Mixed-halide bromine-iodine perovskite quantum dots (PeQDs) offer excellent spectral tunability for red PeLEDs, but surface defects promote halide migration and non-radiative recombination, reducing performance. To address this issue, a Ningbo University research team has developed an innovative post-treatment strategy employing pseudohalogen inorganic ligands in acetonitrile to simultaneously etch lead-rich surfaces and passivate defects in-situ.
This method produces high-quality CsPb(Br/I)3 PeQDs with suppressed halide migration, enhanced photoluminescence quantum yield (PLQY), and improved film conductivity.

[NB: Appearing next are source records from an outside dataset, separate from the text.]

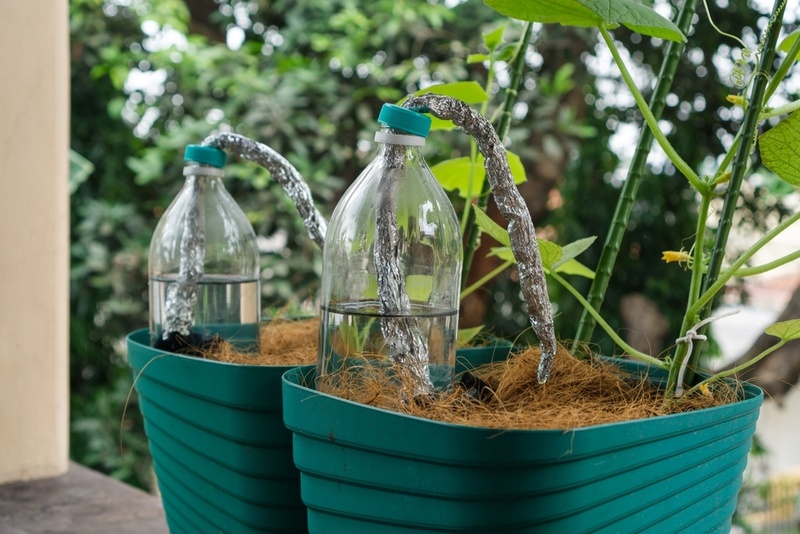 Voor een langzame, maar constante watertoevoer voor je planten in (kweek)bakken en potten kun je ook een lege pet-fles gebruiken. Haal de dop eraf (en doneer die eventueel aan een goed doel, waarvoor plastic doppen en deksels worden ingezameld) en knip de onderkant uit de pet-fles. Steek de fles op z'n kop in de grond en vul deze met water. Dat sijpelt dan beetje bij beetje de grond in.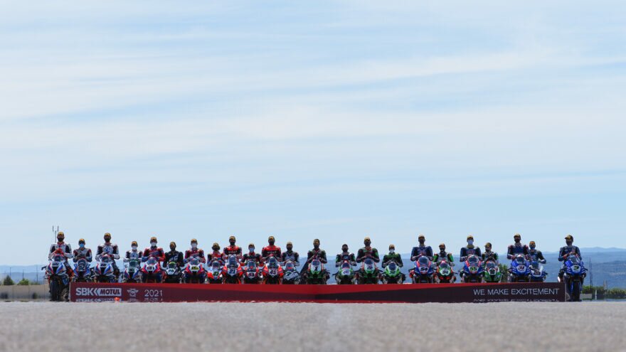 Наконец-то мы дождались старта чемпионата WorldSBK! Завтра гонщики выедут на трек в рамках первого этапа 2021 года. А сегодня организаторы провели фотосессию всех гонщиков: 23 в WorldSBK, 28 в WorldSSP и 42 в WorldSSP300.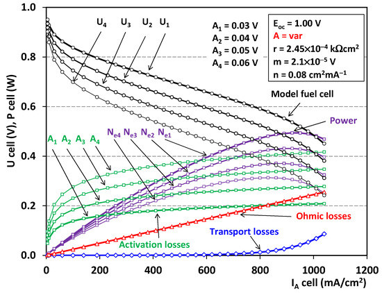 Impact of the changing A parameter of a fuel cell on the I–U characteristics and fuel cell losses.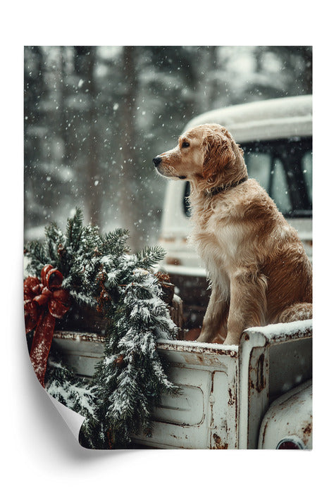 Realistyczne zdjęcie przedstawiające golden retrievera siedzącego w tylnej części vintage’owego, białego pickupa, spoglądającego na ośnieżony las. Na tylnej klapie wisi duży, śnieżny wieniec z czerwonym kokardą. Delikatnie padający śnieg, rozmyte tło zimowego lasu oraz stonowane zimowe kolory tworzą nostalgiczną, świąteczną atmosferę pełną ciepła i spokoju.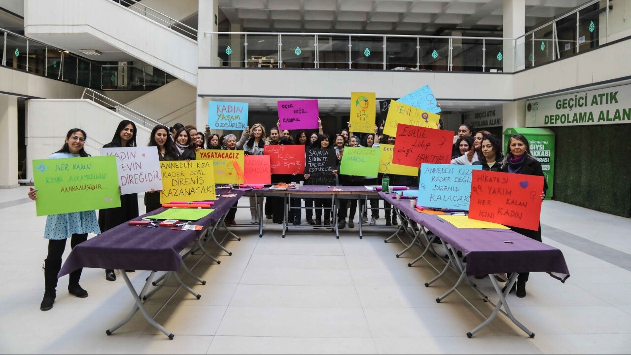 Etkinlikler, Çankaya Belediyesi Başkanlık Binası avlusunda düzenlenen döviz atölyesiyle başladı. Kadınlar, çalışma arkadaşlarıyla birlikte toplumsal cinsiyet eşitliğini simgeleyen dövizler hazırladı. Yaşar Kemal Kültür Merkezi’nde ise Hediyelik Keçe Atölyesi’nde el emeği ürünler hazırlandı ve deprem bölgesindeki kız çocuklarına gönderildi.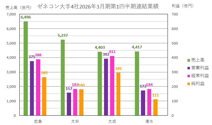 2025年度(2025/4~2025/7)の元請受注高は27.88兆円で前年度比7.9%増加した。うち民間等からの受注高は20.45兆円で同9.9%増加し、公共機関からの受注高は7.44兆円で同2.6%増加した。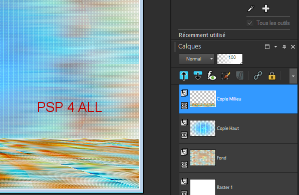 Mettre la Copie Milieu au dessus de la Copie Haut. Et votre Palette Calques devrait être comme la mienne.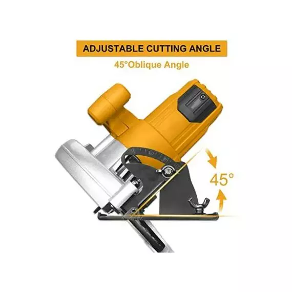 Specifications: Voltage: 220-240V~50/60Hz Input Power:1400W No-load speed:4800rpm Blade diameter:185x20mm Cutting capacity: 45 degree:45mm 90 degree:65mm Adjustable cutting depth Adjustable bevel cutting With 1pcs 185mm blade With 1set extra carbon brushes Packed by color box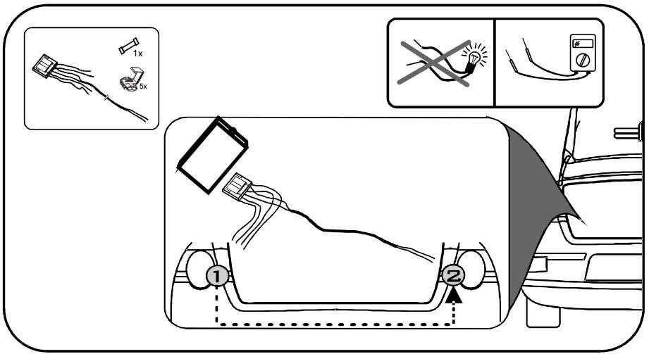 Проводку необходимо подсоединить к цепям, проводящим сигнал, иначе сигналы с согласующего блока не смогут перейти к задним осветителям буксируемого транспорта.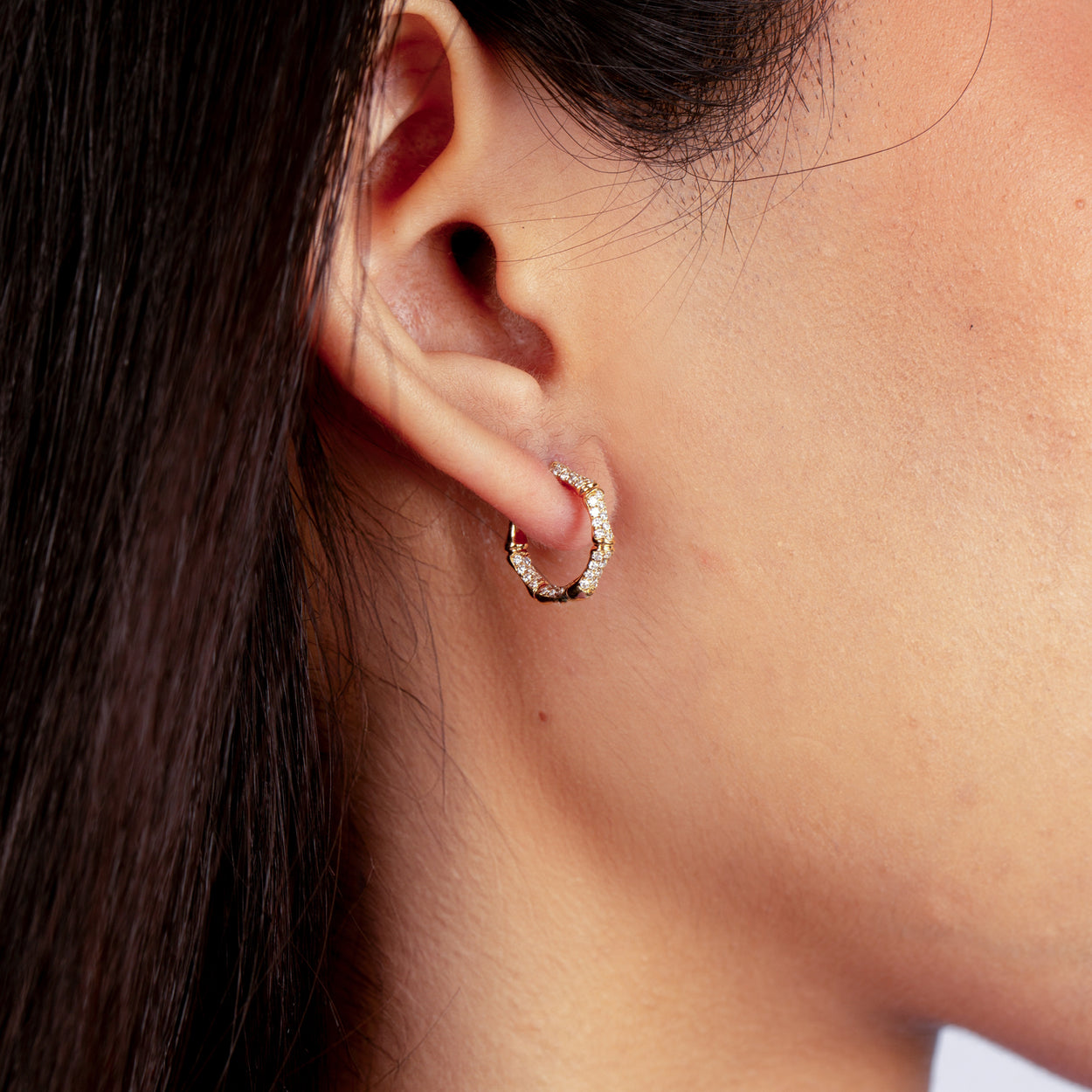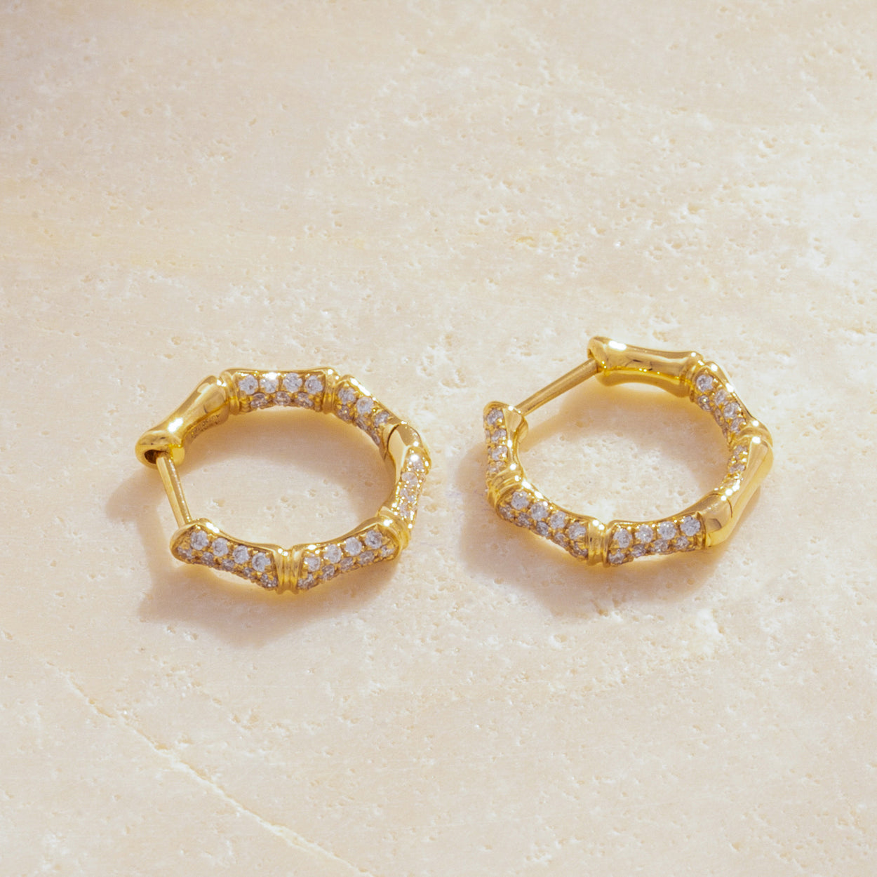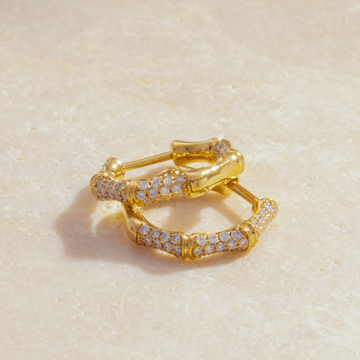 Introducing our exquisite 18K Gold Diamond Pave Bamboo Huggies, inspired by nature's grace. Crafted with precision, these huggies earrings feature intricate bamboo motifs adorned with sparkling pave diamonds, all set in lustrous 18K gold. Elevate your style with these unique earrings, perfect for adding a touch of sophistication to any ensemble.

The post-treatment strategy uses short, strongly binding inorganic ligands (potassium thiocyanate (KSCN) and guanidinium thiocyanate (GASCN)) in acetonitrile to simultaneously etch lead-rich surfaces and passivate defects in CsPb(Br/I)3 PeQDs. Acetonitrile gently removes lead defects through strong Pb²⁺ coordination while preserving QD integrity, unlike polar solvents such as DMSO or DMF, which can damage PeQDs. KSCN and GASCN adsorb robustly to passivate uncoordinated Pb²⁺ sites, yielding high-quality PeQDs with enhanced PLQY, improved stability, and superior film conductivity.
Consequently, the team's spectrally stable champion PeLEDs achieved a peak external quantum efficiency (EQE) of 22.1%, one of the highest reported for mixed-halide CsPb(Br/I)3 PeQDs, representing a significant advancement in perovskite optoelectronics.